No palco, o trio não terá escolta da banda que o acompanhou na gravação de MetaL MetaL e fará apanhado de músicas deste disco, do anterior (Metá Metá, o de estreia; 2011) e do EP do ano passado, além de antecipar faixas do próximo trabalho, com lançamento previsto para mês que vem. “Ele também é bem pesado, mas as canções têm um outro clima. Ele é todo mais sombrio”, adianta a cantora. O repertório continuará sendo autoral, com várias parcerias entre os três.

Além disso, continua Juçara, Kiko Dinucci emplacará no próximo álbum sua primeira canção com Siba e a de Thiago França com Sergio Machado (o baterista que costuma acompanhar o trio), que terá letra de Rodrigo Campos. Este último colabora, ainda, em outra faixa com o guitarrista do Metá Metá. Essas duas aparições de Campos, cavaquinista, cantor e compositor que é outro destaque da cena paulistana contemporânea, não são mera coincidência, mas a ponta do iceberg.

Juçara, Kiko e Thiago estão conectados aos principais nomes da geração que, a partir de São Paulo, produz música brasileira da melhor qualidade. Além dos artistas já citados, é preciso falar de Rômulo Fróes, Marcelo Cabral, Guilherme Kastrup, Douglas Germano (que assina três músicas de MetaL MetaL com Dinucci), Celso Sim e Clima, entre outros. Alguns deles formam o cultuado grupo Passo Torto, outros se juntaram na banda do disco mais recente de Elza Soares, o aclamado A mulher do fim do mundo.

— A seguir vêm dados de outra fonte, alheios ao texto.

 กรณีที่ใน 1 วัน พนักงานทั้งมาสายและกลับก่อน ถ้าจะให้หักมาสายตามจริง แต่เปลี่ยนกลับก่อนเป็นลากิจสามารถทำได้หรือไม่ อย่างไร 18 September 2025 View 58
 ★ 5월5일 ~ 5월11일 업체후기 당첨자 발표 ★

Juçara diz que Passo Torto e Metá Metá são “trabalhos irmãos” em função dos integrantes em comum e que essa turma toda é apelidada carinhosamente de “Clube da Encruza”. “Um participa do trabalho do outro. É uma troca intensa e incessante”, explica. É verdade: ao consultar o encarte de Rei vadio – As canções de Nelson Cavaquinho, disco que Fróes lançou há pouco, é possível encontrar os nomes de Marcelo Cabral, Rodrigo Campos, Thiago França e Kiko Dinucci.

CUSTAS


A estética moderna é a assinatura desses artistas em todos os trabalhos de que participam: a música que fazem não deixa de ser acessível, ao mesmo tempo que foge do óbvio. E isso se aplica também às letras, com o disco São Mateus não é um lugar assim tão longe (2009), de Rodrigo Campos, como um dos melhores exemplos do que essa safra de compositores é capaz. Suas crônicas da periferia paulistana são preciosas. Juçara, por sua vez, fez um disco elogiado e desconcertante, Encarnado (2014), praticamente só com guitarras e voz.

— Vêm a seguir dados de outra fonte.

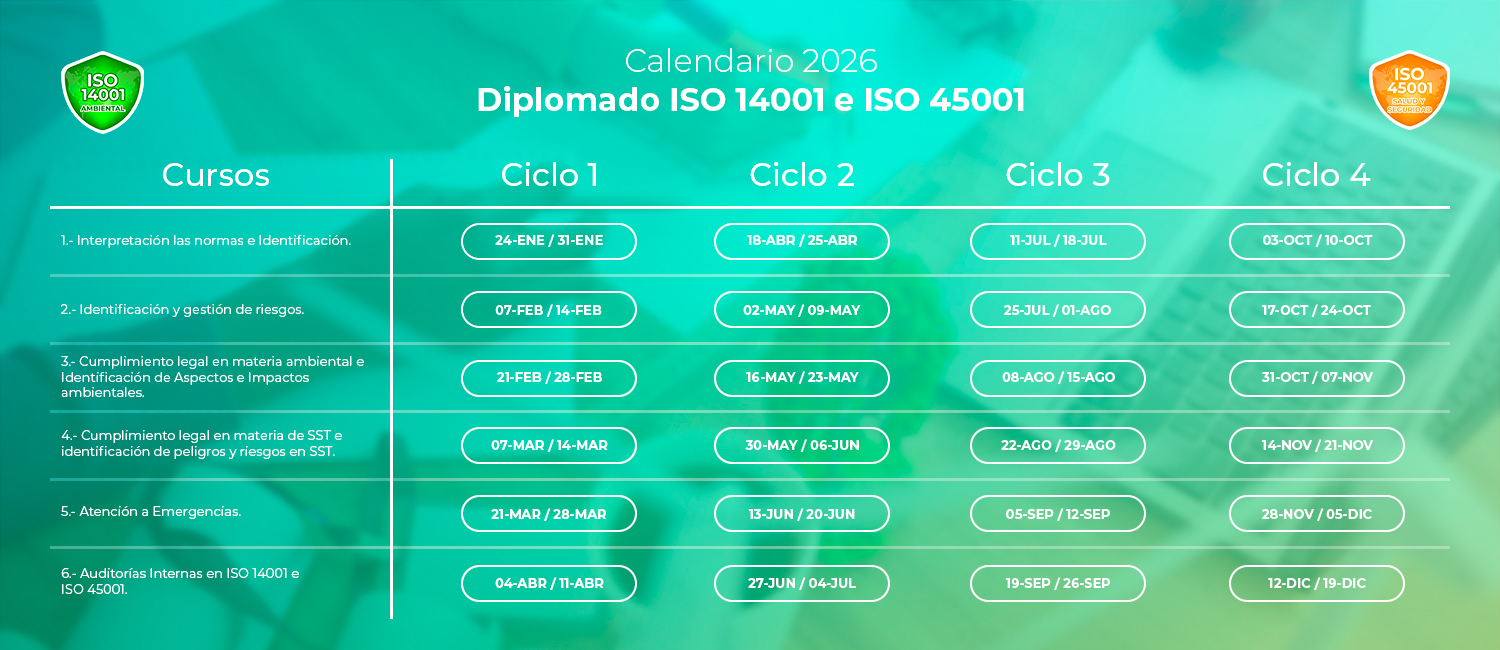 El diplomado ISO 14001 está diseñado para las organizaciones que requieren implementar un Sistema de Gestión Ambiental para garantizar el cuidado del medioambiente y una gestión correcto de los impactos ambientales de sus procesos, productos y servicios a sus clientes y sociedad, con la finalidad de mantener relaciones de confianza a largo plazo.
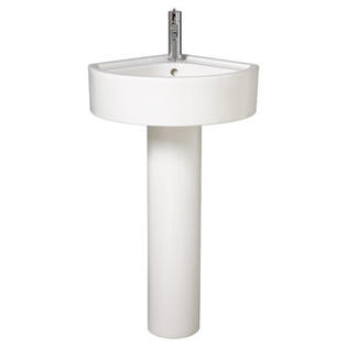 Porcher Solutions Small Corner Bathroom Sink With Round Pedestal
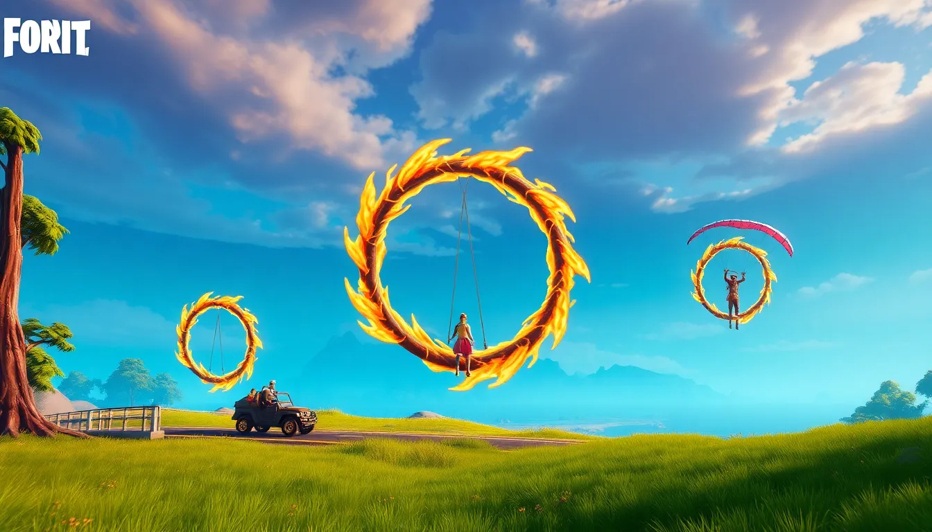 Exciting gameplay mechanics this season include the ability to perform stunts and tricks while soaring through the fire hoops. Various locations, such as popular POIs, host these hoops, encouraging exploration and creativity. Additionally, players appreciate how fire hoops challenge traditional gameplay, pushing them to develop their skills.
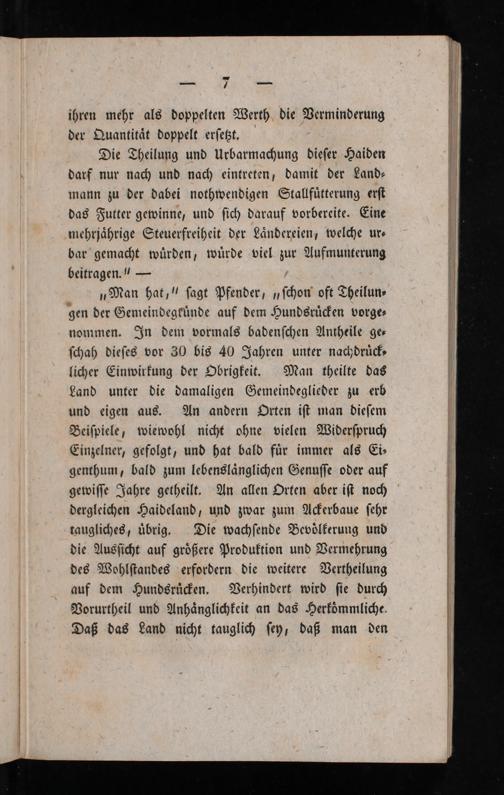 „Man hat,“ ſagt Pfender,„ſchon oft Theilun⸗ gen der Gemeindegkuͤnde auf dem Hundsruͤcken vorge⸗ nommen. In dem vormals badenſchen Antheile ge⸗ ſchah dieſes vor 30 bis 40 Jahren unter nachdruͤck⸗ licher Einwirkung der Obrigkeit. Man theilte das Land unter die damaligen Gemeindeglieder zu erb und eigen aus. An andern Orten iſt man dieſem Beiſpiele, wiewohl nicht ohne vielen Widerſpruch Einzelner, gefolgt, und hat bald fuͤr immer als Ei⸗ genthum, bald zum lebenslaͤnglichen Genuſſe oder auf gewiſſe Jahre getheilt. An allen Orten aber iſt noch dergleichen Haideland, und zwar zum Ackerbaue ſehr taugliches, uͤbrig. Die wachſende Bevoͤlkerung und die Ausſicht auf groͤßere Produktion und Vermehrung des Wohlſtandes erfordern die weitere Vertheilung auf dem Hundsruͤcken. Verhindert wird ſie durch Vorurtheil und Anhaͤnglichkeit an das Herkoͤmmliche. Daß das Land nicht tauglich ſey, daß man den
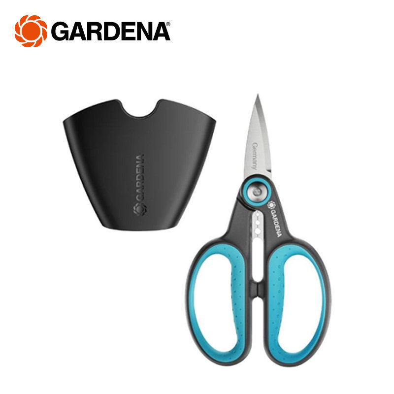 Avec les ciseaux à herbes HerbCut de gardena, coupez facilement et avec précision les herbes ligneuses comme le romarin, le thym ou la sauge. Pratiques et fournis avec leur étui, les ciseaux HerbCut sont toujours à portée de main. Leurs lames pointues en acier inoxydable durable et antirouille permettent une coupe précise et durable. Trois trous de différentes tailles, situés entre les deux poignées, facilitent l'effeuillage. Par exemple, passez-y une tige de romarin pour retirer toutes les feuilles en un seul geste. Vous pouvez ensuite utiliser les herbes directement en cuisine ou les faire sécher. Ces ciseaux à herbes conviennent aussi bien aux droitiers qu'aux gauchers et offrent une prise en main confortable grâce à leurs poignées ergonomiques ErgoTec. Ces poignées antidérapantes et douces assurent une prise en main ferme en toutes circonstances. Les ciseaux HerbCut sont également éco-responsables : les poignées et l'étui sont composés à plus de 70 % de plastique recyclé. Pour ranger les ciseaux, il suffit de les placer dans l'étui que vous fixez au pot à herbes. Les lames sont adaptées au contact alimentaire : ces ciseaux ne dégagent ni odeurs ni goûts. Faciles à nettoyer, ils passent au lave-vaisselle.
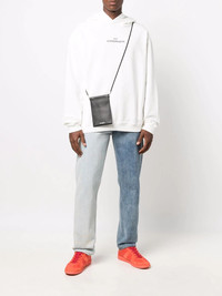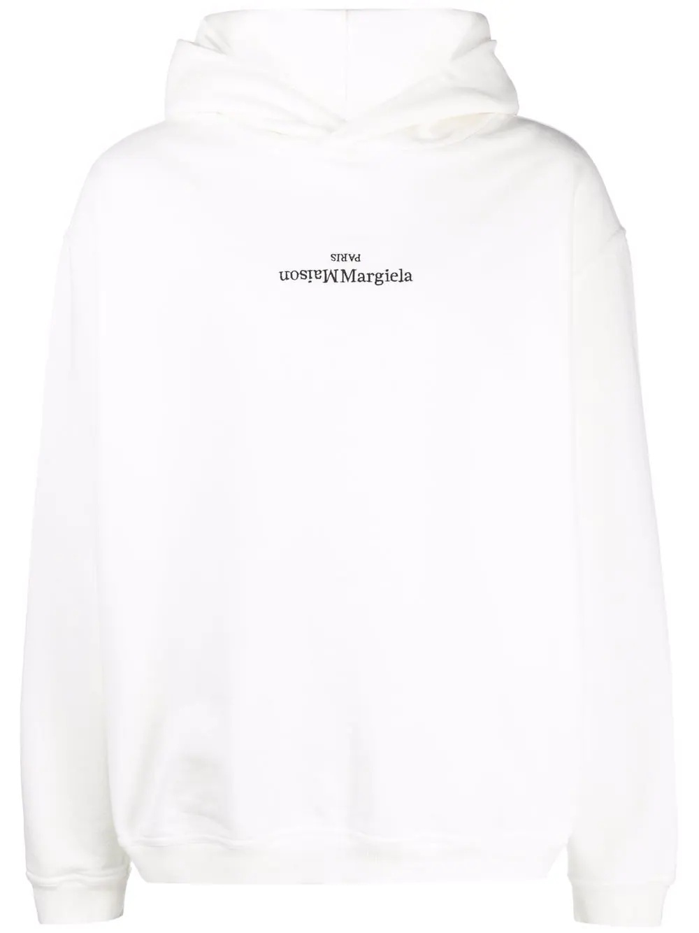 logo-embroidered cotton hoodie Maison Margiela showcases the brand's minimalist yet innovative design style in this drawstring hoodie design. Featuring a logo print across the front in a contrasting colourway, it is placed upside down, adding an eye-catching element to this casual wear garment. Highlights - White - Cotton - Logo print to the front - Drawstring hood - Drop shoulder - Long sleeves - Straight hem Imported Composition Cotton 100% SIZE & FIT Model measurements Height 6 ft 1 in(1.86 m) Bust/Chest 36.61 in(93 cm) Hips 36.61 in(93 cm) Waist 29.92 in(76 cm) Measurement CHEST 55.11 in(140 cm) SLEEVE LENGTH 25.59 in(65 cm) Shoulder Width 23.62 in(60 cm) FittingInformation Designed for a regular fit, offering a comfortable loose fit throughout the body Made from a midweight non-stretch fabric, this piece offers minimal elasticity when worn This piece fits true to size – take your usual size Washing instructions Machine Wash

Precede este trabalho dela a pesquisa sobre música africana, iniciada há cerca de 10 anos com Kiko Dinucci e depois compartilhada com Thiago França. “Focamos em música africana contemporânea, sobretudo. Congo, Mali, Angola, as guitarras africanas, o jeito de pensar o arranjo por contraponto, frases que se intercalam, que dialogam. Tudo baseado na polifonia e na polirritmia. Nós três vivenciamos as heranças africanas que temos aqui no Brasil e pela internet”, afirma ela.

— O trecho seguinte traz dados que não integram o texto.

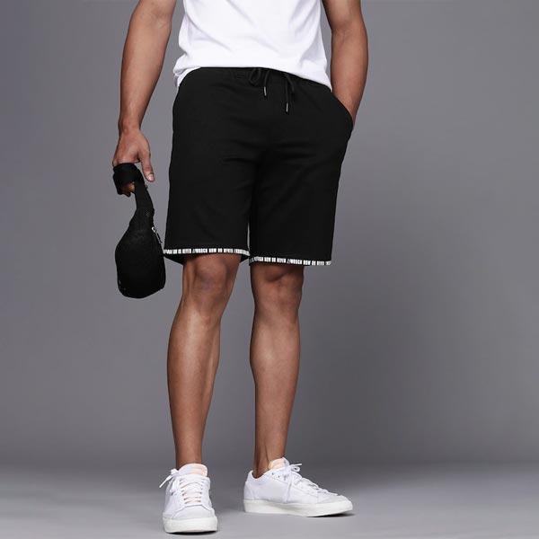 Black typography printed mid-rise regular shorts, has 4 pockets, drawstring closure
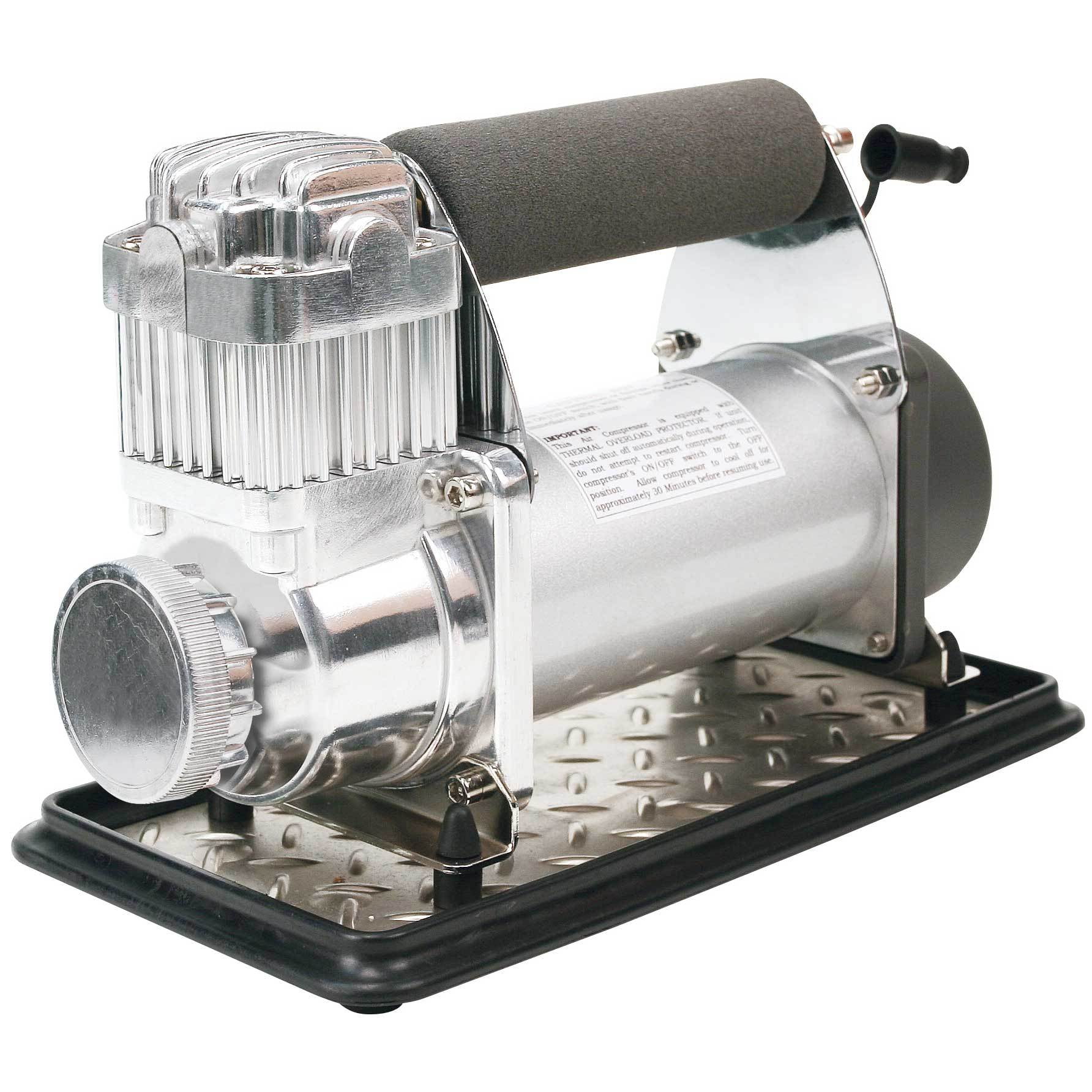 Powerful portable compressor compatible with tires up to 35 inches 12-volt permanent magnet motor with thermal overload protectors to keep compressor cool and running longer Dual battery clamps connect to your vehicle battery for convenient power; 5-in-1 inflator/deflator air hose easily attaches to tire valve stem and begins filling with a flip of a switch Fills a 35-inch tire from 0 to 30 PSI in under 6 minutes Max 150 PSI; 2.30 CFM head pressure at 0 PSI Comes with vibration-resistant diamond-plate sand tray, 3 inflation tips, 8-foot power cord, 25-foot 5-in-1 inflator/deflator air hose, inline 100-PSI gauge, deluxe carry bag, 40-amp inline fuse holder, and dual battery clamps I-beam diamond-plate sand tray provides vibration resistance and added stability Monitor tire pressure with 100 PSI inline gauge at valve attachment end without running back and forth Ideal for off-road enthusiasts and everyday commuters Specifications: CFM at 0 PSI: 2.30 CFM at 100 PSI: 1.19 Motor type: Permanent magnetic Voltage: 12 volts Maximum amp draw: 30 amps Duty cycle: 33% @ 100 PSI Max pressure: 150 PSI Power cord length: 8 feet Air hose length: 25 feet Power type: Portable electric Ingress protection rating: IP54 Product/item type: Portable air compressor Material: Steel Color: Silver Dimensions (L x W x H): 10.87 x 5.83 x 7.48 inches Weight: 10.4 pounds Manufacturer warranty: 1-year warranty

A cantora sempre foi fã da Vanguarda Paulista e enxerga semelhança na comparação com o tal Clube da Encruza, apesar de terem surgido em momentos distintos. “Tanto o pessoal da Vanguarda quanto a gente tem de se virar para fazer o som caminhar. Não tem gravadora que banque, não tem jabá, não tem empresário. É tudo ‘às próprias custas S.A.’, como já dizia Itamar Assumpção. Independência e liberdade pra fazer o que achar importante fazer do seu som. Estar à margem do tal do mercado fonográfico nos permite isso.”

Ainda este mês, o Metá Metá embarca para duas apresentações na Alemanha (Dresden e Berlim). Em junho, fará show de lançamento do próximo disco no Circo Voador, no Rio de Janeiro. Três meses depois, retorna à Europa para divulgar o novo repertório por lá.


Metá Metá

SHoje, a partir das 22h, n’A Autêntica (Rua Alagoas, 1.172, Savassi). Ingresso: R$ 40 (na porta). Infomações: (31) 3654-9251 e (31) 99227-1275.